Sometimes my husband and I will be trying to decide what to have for dinner and he'll say "Whatever you want, baby" and that's about the only time when I want to divorce him.

I might ask my daughter what she wants to do on a Saturday and she'll give me a teenage shrug and so I'll make a decision which is then invariably disappointing and that's about the only time I want to run away (That's a lie. I'm living in Trump's America and want to run away literally all of the time).

Throughout my average working day, I'm met with "what do you think about..." or "what should we do about" roughly every 13 seconds. Of late, when I hear that, all I think is "mustard." I prefer mustard to ketchup. Of this I am abidingly certain. I may waffle, though, between spicy brown and yellow. I never say "mustard" aloud, but I am always thinking it.

I was getting a pedicure on Saturday (this is the most first world problems post ever, isn't it?) and the dude poking aggressively at my toe cuticles told me I was too sensitive when I flinched (I should find a better pedicure place but then that's just another decision and also they have a parking lot which makes it so easy) and then he asked if the pedicure was all I wanted.

"Yep," I said.

"Are you sure?" he said. "Something about your eyebrows, maybe?"

(I really should find a better pedicure place.)

Do I have to make decisions about my eyebrows now? I never thought about my eyebrows in the 80s, 90s or 00s. For some reason this decade I'm asked to start paying attention to them and my head is too full and if I agree to do "something about my eyebrows" all I'll be able to think is "mustard" and no one, no matter how gentle they are with toenail cuticles, will know how to translate "mustard" into some eyebrow shape.

I think I'll make one more decision and decide not to give a shit about my eyebrows. I wear spectacles (that's right, I said "spectacles" because I am classy) every day so who can even see my dumb eyebrows?

Mustard is superior to ketchup, tho. And your eyebrows are probably fine.


Sunday, June 10, 2018

Internet-ish

A few days ago, I shared this silly internet meme about how to find your British royal name. It was goofy and I mostly shared it because both my grandmothers were named Mary and that is a thing that Irish Americans probably all have in common so that's fun. Three separate people jumped on the comments thread to tell me how I was sharing a thing that gives people the answers to your various security questions (name of your first pet, street where you grew up, etc).

Tip: don't "actually" someone until you've read up the thread, guys! I can only be scolded for the same thing so many times before I get huffy!

Anyhoo, I told all these guys that I felt like those questions were easy enough to find out from anyone and besides, who the hell is asking for a grandparent's first name on a security question?

And then a couple of days later I was signing up for some dumb account and that was the security question they asked.

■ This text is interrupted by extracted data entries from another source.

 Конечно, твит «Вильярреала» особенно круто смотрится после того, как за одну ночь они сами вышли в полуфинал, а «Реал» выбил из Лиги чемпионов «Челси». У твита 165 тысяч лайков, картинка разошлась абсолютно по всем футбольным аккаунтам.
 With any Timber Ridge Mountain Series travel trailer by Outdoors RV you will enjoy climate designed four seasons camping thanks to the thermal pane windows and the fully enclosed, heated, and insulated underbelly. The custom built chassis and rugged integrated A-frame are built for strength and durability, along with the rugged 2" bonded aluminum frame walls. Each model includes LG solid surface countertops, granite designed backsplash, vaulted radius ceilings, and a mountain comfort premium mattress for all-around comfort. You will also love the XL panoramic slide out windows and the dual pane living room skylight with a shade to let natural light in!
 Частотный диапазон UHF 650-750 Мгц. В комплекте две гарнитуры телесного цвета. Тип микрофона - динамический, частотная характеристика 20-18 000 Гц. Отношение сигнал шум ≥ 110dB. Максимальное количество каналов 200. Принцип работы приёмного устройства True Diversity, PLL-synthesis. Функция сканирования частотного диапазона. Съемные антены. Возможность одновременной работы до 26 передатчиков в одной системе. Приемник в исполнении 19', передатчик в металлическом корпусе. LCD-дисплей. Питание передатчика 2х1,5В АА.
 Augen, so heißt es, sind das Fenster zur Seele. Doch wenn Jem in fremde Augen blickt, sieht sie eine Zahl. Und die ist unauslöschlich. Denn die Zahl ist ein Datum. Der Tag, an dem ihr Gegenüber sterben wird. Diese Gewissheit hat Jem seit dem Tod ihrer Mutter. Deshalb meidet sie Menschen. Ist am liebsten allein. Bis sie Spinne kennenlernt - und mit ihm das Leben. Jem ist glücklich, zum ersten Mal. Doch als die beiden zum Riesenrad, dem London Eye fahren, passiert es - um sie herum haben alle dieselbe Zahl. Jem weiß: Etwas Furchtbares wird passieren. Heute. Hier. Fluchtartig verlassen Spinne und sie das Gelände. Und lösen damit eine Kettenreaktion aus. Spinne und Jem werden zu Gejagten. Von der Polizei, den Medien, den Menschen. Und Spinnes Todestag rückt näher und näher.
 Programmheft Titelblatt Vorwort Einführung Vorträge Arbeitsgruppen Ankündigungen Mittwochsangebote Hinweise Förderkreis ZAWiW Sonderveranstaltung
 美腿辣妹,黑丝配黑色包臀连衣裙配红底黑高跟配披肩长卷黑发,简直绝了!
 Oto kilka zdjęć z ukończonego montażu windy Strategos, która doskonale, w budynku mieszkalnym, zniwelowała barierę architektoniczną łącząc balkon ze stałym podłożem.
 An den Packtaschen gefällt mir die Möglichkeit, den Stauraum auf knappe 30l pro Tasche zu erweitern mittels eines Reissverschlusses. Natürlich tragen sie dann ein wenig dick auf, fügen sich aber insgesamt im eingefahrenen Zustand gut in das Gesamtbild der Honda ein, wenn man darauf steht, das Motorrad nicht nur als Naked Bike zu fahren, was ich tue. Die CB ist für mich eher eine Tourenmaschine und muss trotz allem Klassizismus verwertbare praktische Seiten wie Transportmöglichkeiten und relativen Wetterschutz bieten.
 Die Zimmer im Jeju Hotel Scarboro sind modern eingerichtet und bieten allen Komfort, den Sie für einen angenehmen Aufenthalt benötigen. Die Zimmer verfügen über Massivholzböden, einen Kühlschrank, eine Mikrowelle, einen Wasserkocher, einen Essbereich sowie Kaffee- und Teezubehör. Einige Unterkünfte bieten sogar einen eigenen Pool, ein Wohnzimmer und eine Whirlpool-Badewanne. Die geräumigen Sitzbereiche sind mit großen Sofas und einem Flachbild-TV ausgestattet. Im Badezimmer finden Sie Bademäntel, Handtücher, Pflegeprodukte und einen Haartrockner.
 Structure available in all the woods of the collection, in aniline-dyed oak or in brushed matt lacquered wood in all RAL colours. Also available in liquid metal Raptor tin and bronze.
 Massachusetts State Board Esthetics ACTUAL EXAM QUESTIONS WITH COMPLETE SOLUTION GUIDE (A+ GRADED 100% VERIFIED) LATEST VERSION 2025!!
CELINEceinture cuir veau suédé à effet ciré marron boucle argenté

So, I felt dumb. And I felt dumb in the way that I really hate to feel dumb, because I like to think my Internet IQ is pretty high (unlike my Marvel IQ because I still don't know if Paul Bettany is a mutant or a person or a robot or what) and falling for some dumb phishing thing like that makes me feel old and stupid and out of touch.

I come from a generation that's not particular exercised about privacy. I still remember going full Navin Johnson when I got my first apartment in Chicago - excitedly cracking open the white pages and staring all starry-eyed at my name, address and phone number and feeling like a Real Girl Now! And now I live in a world where I alternately feel like I'm way too worried about privacy and not nearly worried enough and I can feel both of these things at the same time especially since it means I don't have to answer the phone if I don't know who's calling (Seriously! Remember when you had to pick up the phone to find out who was on the other end? That was the worst!)

I don't know. I have no answers. Do you? And, while I'm asking, did we know about those infinity stones the whole time and can't Dr. Strange just send us back in time or something? If you have any questions about rotary phones or dating in the 1990s, send them this way. I would like to feel expert on something again.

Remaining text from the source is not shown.